Welcome to WebmasterWorld Guest from 188.8.131.52
My posting there was a bit off topic, so he asked me to start a thread of its own on this. So here's my idea:
Concerning links: what about intranets accomplishing the internet to what I think is named "deep web"?
My warehouse-management is running on an internal WAMP-system and I constantly work on it having my toolbar enabled. In order to get access from home as well, I forwarded port 80 to the server, so at least in principle google-spiders might get access to the system, tracking the IP, while I work from home.
Maybe I should modify the password-protection and place some links there? ;)
Besides: is my customer-data really safe with the toolbar enabled?
What do you think?
At one point a year or so ago one of my customers managed to get his secure CP URL into google somehow. I THINK it was through a key logger in a cafe or some such in that case but I certainly wasn't happy to hear he found his CP by typing the complete secure URL into google instead of into the browser's Location field.
I don't know if google would look at your intranet but if it has a .com domain associated with it it's quite likely. I know google picks up a new .com registration within days and goes hunting for its web site.
If you are accessing your intranet remotely using a domain name then that DNS registration is available to all and sundry. It WILL attract hackers.
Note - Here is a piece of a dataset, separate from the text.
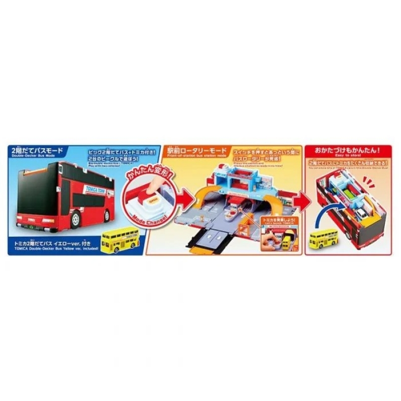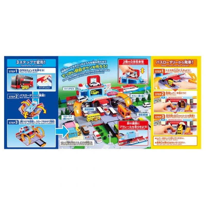 3: Comes with die-cast Tomica cars! Play with two vehicles! This one product is all you need to start playing right away! Expands play possibilities! Great value set! Perfect for a child's first big vehicle! Even Tomica beginners can enjoy playing with it. Transforms into a town for more complex play, providing long-lasting fun as your child grows!

It was stupid of me to name a test domain on my local server, publicly accessible for remote testing, as paypal.example.com but it did prove the point. :(
Have you considered using a port other than the traditional 80 and 8080 for http?
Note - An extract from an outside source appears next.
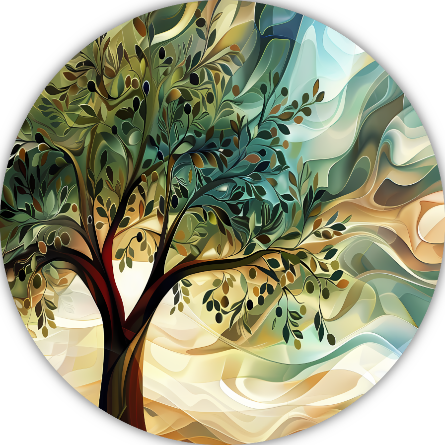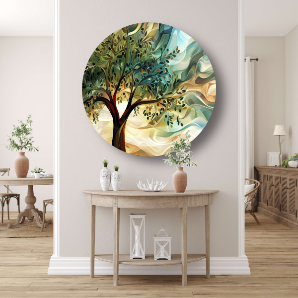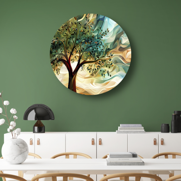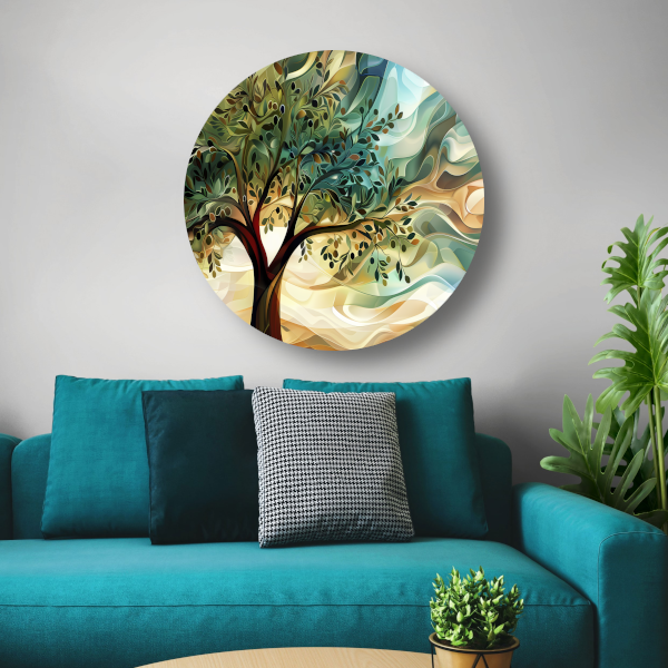 Abstracte olijfboom met takken aluminium muurcirkel

Technically, here in Germany the connection is generally cut once within every 24 hours, and then assigned a different IP. There is additional password-protection to my data, of course, so I feel quite save on this, actually.
The initial question was NOT how to make sure intranets NOT be found, but whether there is evidence google and other SE spiders already target indexing the deep web.
But I did not find the time, yet, to check my logfiles accordingly.
If neither of these applies then google probably won't find you - unless, perhaps, they really do read gmail or toolbars or whatever. You could always include a robots.txt forbidding access and a meta robots per page for extra safety, although if a hacker's bot finds you that wouldn't help. I assume the password protection is good quality.
Back to the toolbar - it would not surprise me if google stores all links accessed, although I obviously have no specific knowledge of that. I would never use a toolbar anyway, especially when accessing a private site or control panel.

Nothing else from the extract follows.